For the SCC4 xenograft models, as shown in Figure 3a, the PBS group grows the tumor up to 47% from the start of the treatment. PDT+siScrambled group decreased the tumor volume 3 days after the PDT treatment and slowed down the growth of the tumor with a −3.3% inhibition showing a significant difference (P < 0.01) when compared with PBS and PDT+ siVEGF-A groups. On the other hand, PS+siVEGF-A and PBS+Light+siVEGF-A groups showed −9.9 and −5.4% tumor inhibitions which is showed significant differences when compared with PBS and PDT+siVEGF-A. These two groups showed the tumor inhibition effect of siVEGF-A in the absence of full PDT treatment. PDT+siVEGF-A group showed the slowest growth rate significantly (P < 0.01) among the five groups with −30.7% tumor inhibition and about ~70% difference from the PBS group. The combined therapy of PDT and siVEGF-A-loaded LCP NPs showed significant difference (P < 0.01) between PDT+siScrambled group showing the enhancement of tumor inhibition by silencing in vivo VEGF-A after PDT. The combined therapy showed significant tumor volume decrease to ~70% in SCC4 model as compared with untreated PBS group.

Figure 3.

Figure 3

Tumor growth curves of HNSCC xenograft models. (a) Tumor growth rate of treated SCC4 xenograft. (b) Tumor growth rate of treated SAS xenograft. ▴ indicates i.v. injection of PBS and photosan with or without light. Δ indicates i.v. injection of targeted LCP with either siScrambled or siVEGF-A and PBS for control group. Data present as mean ± SD, n = 5. *P < 0.01 compared to PBS group; **P < 0.01 compared to PDT +siScrambled group. PBS, phosphate buffered saline; PDT, photodynamic therapy; PS, photosan; siScrambled, scrambled siRNA; siVEGF-A, VEGF-A siRNA.

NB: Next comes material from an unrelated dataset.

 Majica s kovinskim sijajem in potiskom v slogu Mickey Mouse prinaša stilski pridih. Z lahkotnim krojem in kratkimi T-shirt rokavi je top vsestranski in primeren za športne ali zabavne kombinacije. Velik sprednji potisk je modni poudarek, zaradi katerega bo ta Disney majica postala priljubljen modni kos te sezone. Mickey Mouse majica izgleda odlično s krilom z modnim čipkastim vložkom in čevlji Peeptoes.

Similar trend was observed for the SAS xenograft models as shown in Figure 3b. The PBS group showed higher growth rate of 95.2%, which also shows that SAS tumors grow faster than SCC4. The effect of the PDT was observed with the PDT+siScrambled group which has a tumor growth rate of 34.1%, significantly slower (P < 0.01) than the PBS group. On the other hand, the effect of the siVEGF-A to the SAS xenografts was observed with the two groups that were treated with incomplete PDT and siVEGF-A–loaded LCP NPs. The tumor growth rate significantly decreased (P < 0.01) to 6.3% for PS +siVEGF-A group and 9.9% for PBS + light + siVEGF-A group when compared with PBS and PDT+siScrambled groups. The PDT+siVEGF-A group showed the lowest growth rate of −30.1% which is significantly different (P < 0.01) with PBS and PDT+siScrambled group showing similar enhancement effect in SCC4 xenograft models. The combined therapy showed significant tumor volume decrease to ~120% in SAS model as compared with untreated PBS group.

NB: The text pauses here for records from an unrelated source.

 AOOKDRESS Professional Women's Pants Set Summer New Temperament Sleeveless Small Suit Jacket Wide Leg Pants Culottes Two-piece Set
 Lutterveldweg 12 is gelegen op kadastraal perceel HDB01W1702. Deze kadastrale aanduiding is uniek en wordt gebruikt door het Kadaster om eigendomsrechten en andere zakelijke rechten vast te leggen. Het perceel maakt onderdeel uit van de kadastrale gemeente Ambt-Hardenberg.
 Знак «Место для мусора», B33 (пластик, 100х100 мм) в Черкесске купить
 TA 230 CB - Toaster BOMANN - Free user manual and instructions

The excised tumor from the SCC4 and SAS xenograft models that were sacrificed on the 11th day were analyzed for VEGF-A mRNA and protein expression by qRT-PCR and western blotting, respectively. VEGF-A protein expression for groups treated with siVEGF-A-loaded LCP NPs significantly decreased (P < 0.01) based on the normalized band intensities against glyceraldehyde-3-phosphate dehydrogenase (GAPDH) when compared with PBS and PDT+siScrambled groups as shown in Figure 4a,b for SCC4 xenograft models and Figure 4e,f for SAS xenograft models. VEGF-A mRNA expression (Figure 4c,f) is in agreement with the protein expression results. The VEGF-A mRNA expression for groups treated with siVEGF-A–loaded LCP NPs showed significant difference (P < 0.01) with PBS and PDT+siScrambled group.

Figure 4.

Figure 4

Western blot analysis and VEGF-A mRNA level after treatment. HNSCC xenograft models were sacrificed on the 11th day, and tumors were excised for VEGF-A expression of the five treatment groups. Groups treated with targeted siVEGF-A show a decrease in VEGF-A mRNA and protein expression for both SCC4 and SAS. (a) Western blot for SCC4 xenograft models. (b) Quantified relative VEGF-A protein expression for SCC4 xenograft models normalized against GAPDH band intensity. (c) Relative VEGF-A mRNA expression for SCC4 xenograft models. (d) Western blot for SAS xenograft models. (e) Quantified relative VEGF-A protein expression for SAS xenograft models normalized against GAPDH band intensity. (f) Relative VEGF-A mRNA expression for SCC4 xenograft models. Columns, mean (n = 3); bars, SD; *P < 0.01 compared with PBS group and PDT+siScrambled group. PBS, phosphate buffered saline; PDT, photodynamic therapy; PS, photosan; siScrambled, scrambled siRNA; siVEGF-A, VEGF-A siRNA; VEGF-A, vascular endothelial growth factor-A.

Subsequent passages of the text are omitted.